Sí, pasa. "Tomar muchos complementos porque está de moda suplementarse con magnesio, hierro o calcio o porque una influencer lo recomienda no solo no tiene ningún sentido sino que muchas veces es peor el remedio que la enfermedad porque unos pueden restar eficacia a los otros", aclara la especialista y pone como ejemplo dos errores habituales: no debe juntarse hierro y calcio en la misma toma ni mezclar la cafeína con el magnesio porque reduce su absorción. "No nos vamos a encontrar mejor por consumir todos los complementos que salen a la venta. Lo que tenemos que hacer es tomar los que necesitamos nosotros y para eso lo ideal es acudir a un médico con la formación adecuada y las análiticas en la mano", aconseja.

"La creatina es solo para culturistas"

Pues no. Este monohidrato "mejora la memoria de trabajo, la velocidad de procesamiento y el estado de ánimo en adultos mayores y veganos", precisa la autora de ‘El poder de la suplementación’.

Las vitaminas engordan

Otro mito. "Esta confusión quizás surja de que los complejos B aumentan el apetito en personas con déficit, pero no desencadenan un aumento de la grasa corporal. Las vitaminas no aportan calorías, lo que ‘engorda’ es el exceso de energía, no el aporte de micronutrientes".

"Si no notas los efectos en unos días, es que no funciona"

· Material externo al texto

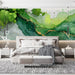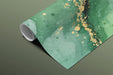 The Green Geode Mural Wallpaper is a luxurious and artistic statement. The design features a stunning fluid pattern in various shades of green, reminiscent of marbled agate or a natural geode, beautifully accented by a prominent gold-dusted "vein" running through the composition. The realistic foliage in the corner adds a touch of natural elegance. This mural is a perfect choice for a glamorous master bedroom, a sophisticated dining room, or an elegant living room, creating a sense of opulence and organic beauty.
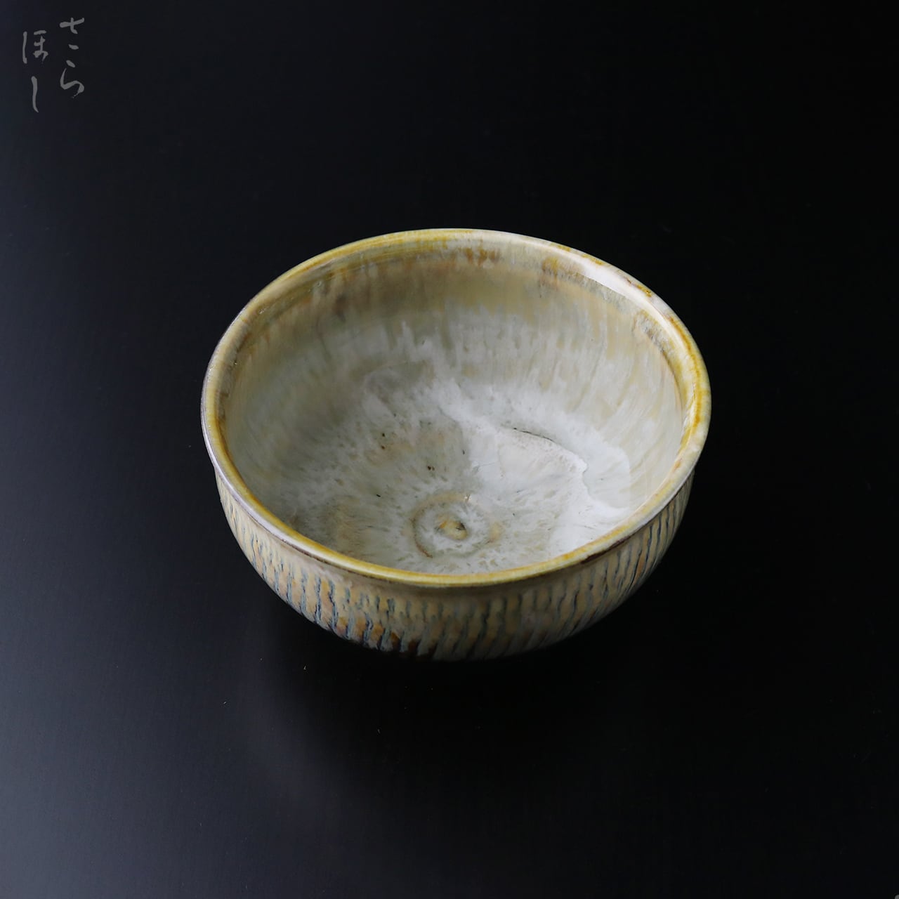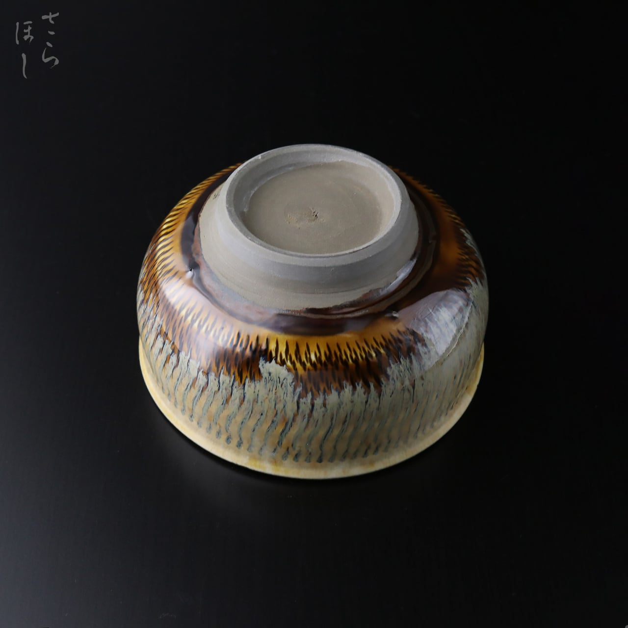 器の外側に小鹿田焼の伝統技法である「飛び鉋(かんな)」を施しています。飛び鉋は、成形後、足で蹴って回す蹴轆轤に乗せ、弾力性のある金属で作った鉋を押し当てて、バウンドさせながら細かい連続的な削り目をつけ模様をつける技法です。さらに、飴釉を掛けた後、白釉を口縁からなだれさせ、腰付近で白と飴の対比を荒々しく力強く描いています。見込み側は、風に吹かれた白波のようです。登り窯の自然の炎が油絵のような立体的で大胆な質感で描いて見せてくれました。

El tiempo de acción varía mucho de unos suplementos a otros. "Los omega-3 tardan entre ocho y doce semanas en mostrar sus efectos en casos de inflamación articular; los probióticos entre cuatro y seis semanas y el colágeno para la piel o las articulaciones, entre tres y seis meses".

A partir de los 40: magnesio, omega-3 y vitamina D

Cierto. Aunque la doctora Fernández no es partidaria de hacer recomendaciones genéricas, considera que, a partir de los 40 años, no está de más suplementarse con magnesio, omega-3 y vitamina D.

Según la doctora Odile Fernández: una combinación para cada situación

​Adulto con estrés crónico y ansiedad
Magnesio bisglicinato, ashwagandha, lavanda, complejo B, L-teanina, omega-3 (EPA).
Padres y madres con sobrecarga  física y mental
Magnesio malato, coenzima Q10, NAC (N-acetil-L-cisteína), rhodiola, probióticos, vitaminas D3 y K2.
Adulto con  insomnio o sueño  no reparador
Melatonina (hasta 5 mg.), magnesio bisglicinato, GABA (ácido gamma-aminobutírico), ashwagandha y vitamina B6.
Persona activa  con entrenamiento  físico regular
Magnesio malato, omega 3 (EPA7DHA), proteína vegetal o whey, coenzima Q10, electrolitos y creatina.
Adulto con  trabajo intelectual  intensivo o creativo
Omega 3 (DHA), complejo B, ashwagandha, fosfatidilserina, vitamina C limposomada y creatina.Trabajador con  turnos rotativos  o nocturnosMelatonina, magnesio, complejo B, adaptógenos (ashwagandha o gingseng) y vitamina D.
Embarazadas  y lactantes
Ácido fólico, folato activo (400-800 microgramos), DHA (omega-3), yodo (150-200 microgramos), vitamina D3, magnesio bisglicinato, probióticos específicos.